In our previous lectures, we introduced first the simple thin lens equations.
Which relate object and image distances to a single lens.
We then graduated to the y-u per axial ray tracing, in which,
in a tabular format, we pushed a ray consisting of a height and
angle descriptor through a system.
And most recently, we introduced an a, b, c, and d matrices.
Which takes that tabular format, the system of linear equations, and
captures them as two-by-two matrices.
The real advantage of that last approach is we can now cascade
an entire system description up.
Multiply out those matrices either numerically or symbolically.
And end up with descriptions of entire optical systems.
That's a very powerful approach for first order design.
And so here we're going to explore how we can use system descriptions
given by these matrices to put constraints on a system.
And it turns out the conjugate matrix N, that we defined earlier,
is the way to do that.
And each of the four terms in that matrix have very important properties.
So we're going to go through those one at a time.
So I've written out here the matrix equation for N.
And remember, what it does is it relates the object given by its object height and
the angle coming off of the object to the image given by the image height and
the angle coming in to the image.
So what we're going to do is look at each of the four terms of N.
And set them = 0 one at a time.
And we'll discover that enforces a constraint or a condition on the overall
conjugate condition on the system that we're looking at.
So let's look at the first one.
If the term N12 = 0, then just looking at the top equation here,
we see that the image height y depends only on the object height, y0.

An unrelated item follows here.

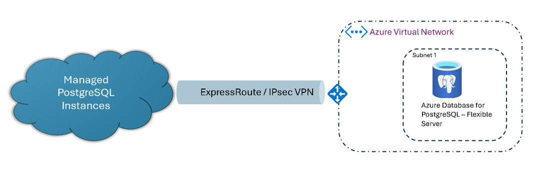 | On-premises with a private IP address via a virtual private network (VPN) or Azure ExpressRoute | Virtual network (VNet)-integrated Azure Database for PostgreSQL flexible server | Yes |

And it has no dependence on the object angle.
So pictorially, that's the situation that's shown here.
We launch a bunch of rays from the object with arbitrary angles.
And they all come back to the same image height, independent of the angle.
And that, of course, is our imaging condition.
So if we calculate or someone gives us a conjugate matrix N,
all we have to do to enforce the system to be in focus is set this term = 0.
And that's an example of how we'll use this for design.